Chapter 10

2 1 0
                                    

I began recording the days with tally marks scratched onto the wall, something I'd seen done by Tom Hanks on a deserted island. I knew my first meeting with Gendelman had happened on the 5th, at least that's what he'd told me, and I had a rough idea that the comings and goings of various personnel aligned with a 24-hour cycle. The nurses visited every twelve hours, and just knowing this helped to maintain my natural sleep cycles, as natural as they could be in a room with no windows and with the ultimate jet-lag of being five decades in the past. A LAX to JFK redeye hasn't got shit on time travel.

According to my marks, it was the 21st of November when one of the guards told me I was being relocated.

"Grab your things," he barked.

This was easy because I had none, except my bucket which I left and hoped I'd no longer need. Pissing in a bucket is not so bad but when you've gotta...well, let's just say it's very embarrassing and leave it at that. Every time I went, I prayed Mildred wouldn't pop in and catch me in the act. I tried to time my dumps accordingly. Afterwards, I would ask the guards to empty the bucket immediately which sometimes they would do and sometimes they wouldn't. When a cute girl might visit you at any moment, the last thing you want is a bucket of your own shit sitting in the corner. It's just bad etiquette.

For the past few weeks, Mildred had visited me daily, performing the same physical diagnostic each time. Mrs. Weston, apparently the only other nurse in the building, would come alternately. Their visits were brief and each time I'd try to engage Mildred in conversation with mixed success, usually very little. Mrs. Weston...well she didn't have much to say to me nor I to her. She would chain smoke in my room for five minutes, leaving a thick tobacco stink lingering all over the place. The purpose of these visits I still did not really know, some type of test to see if my vitals were changing or if time travel had caused a lasting physiological effect, or so I assumed.

I followed the guard until we arrived at a part of the facility I'd never been to, the residential barracks.

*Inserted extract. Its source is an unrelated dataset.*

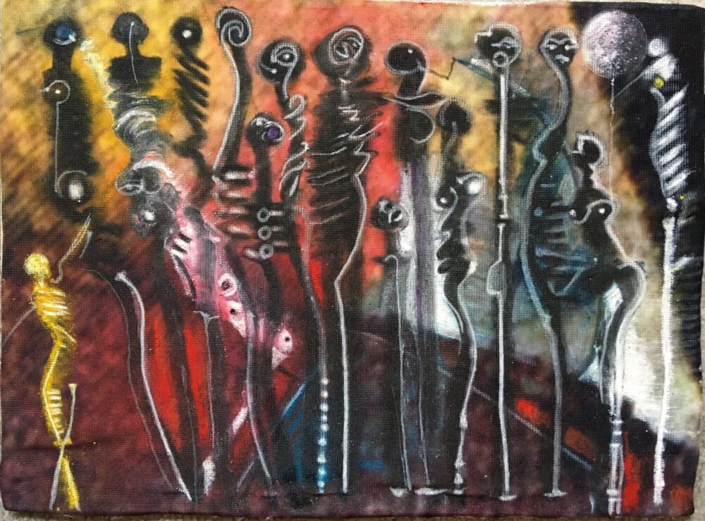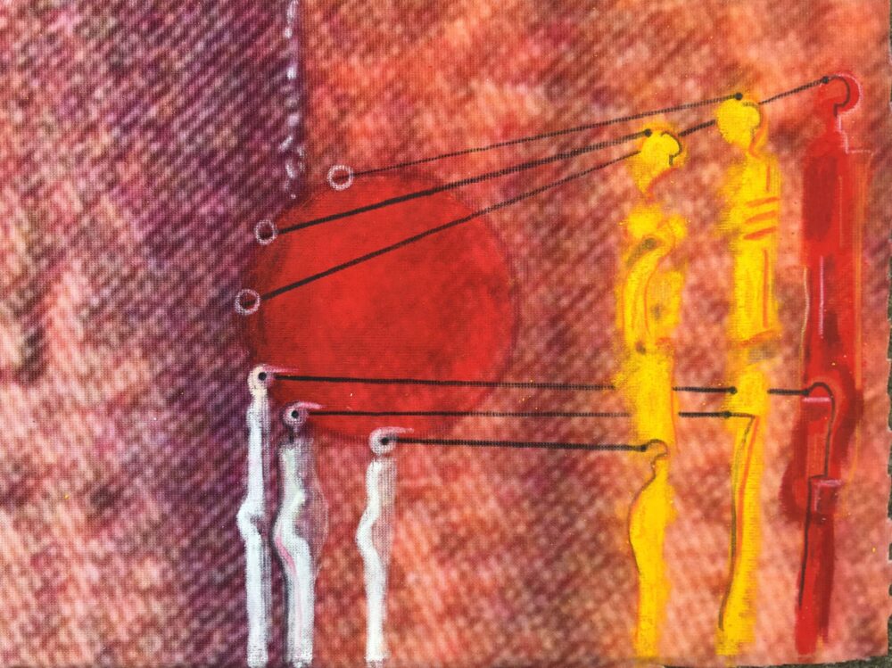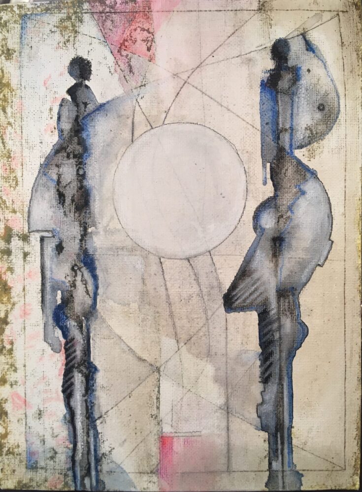 NIDDOISE 30 Vor der Premiere heute. Schließe ich den Bogen meiner Proben Bilder. 2019 24 x 18 cm Malpappe. Acryl u Pigmentfarben. Kreide. Kohle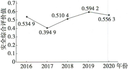 (2024·河北邢台高二校联考阶段练习) 黑龙江省位于我国东北地区,降水量年际变化大,水资源安全综合评价值波动变化大,水资源安全需要进一步提升。下图为黑龙江水资源安全综合评价值变化曲线图(数值越大越安全)。据此完成3~4题。

"Here's your room," he declared, pointing to the door.

"Thanks."

This upgrade in accommodations had been entirely unexpected, but more than welcome. I let myself in, and was alone. My new digs were slightly bigger, ten by ten, but I now had an actual mattress. Two twin bunkbeds stood against opposite walls. I had them both to myself. I guess nobody wanted to be bunkmates with the weird future guy. There were four metal lockers in which to keep my things, if I'd had any. I was also now allowed the privilege of using the community bathrooms down the hall, (under the supervision of armed guard of course), but it meant I could shower regularly and shit in an actual toilet. I suspected Gendelman was to thank for the improvement in my living arrangement.

"You help me, I'll help you."

On the 23rd, Gendelman surprised me with a tour of the compound. He told me all about Station 12, a tuna-can shaped structure he said, a hundred feet high and six hundred feet in diameter, that had been painstakingly constructed deep beneath an already operational military base. An elaborate network of tunnels was slowly excavated over a period of ten years and replaced with a steel and concrete framework. Millions of tons of dirt were trucked away and dumped in the desert, one load at a time to avoid detection by Soviet aerial surveillance. He called it "an engineering feat to rival the Hoover Dam" except entirely unknown to the general public.

Station 12, first proposed during WW2, began as a laboratory to develop hydrogen weapons, but its purpose quickly changed when Gendelman proposed his theoretical anti-matter bomb. He had been instrumental in designing the "guts" of the building, the accelerator that would serve as proof-of-concept for the creation of the exotic material needed to make such a bomb. A much larger accelerator would have to eventually be constructed elsewhere to create the quantities of anti-matter required to actually develop a functioning weapon, but this was far in the distant future and its planning had not yet begun.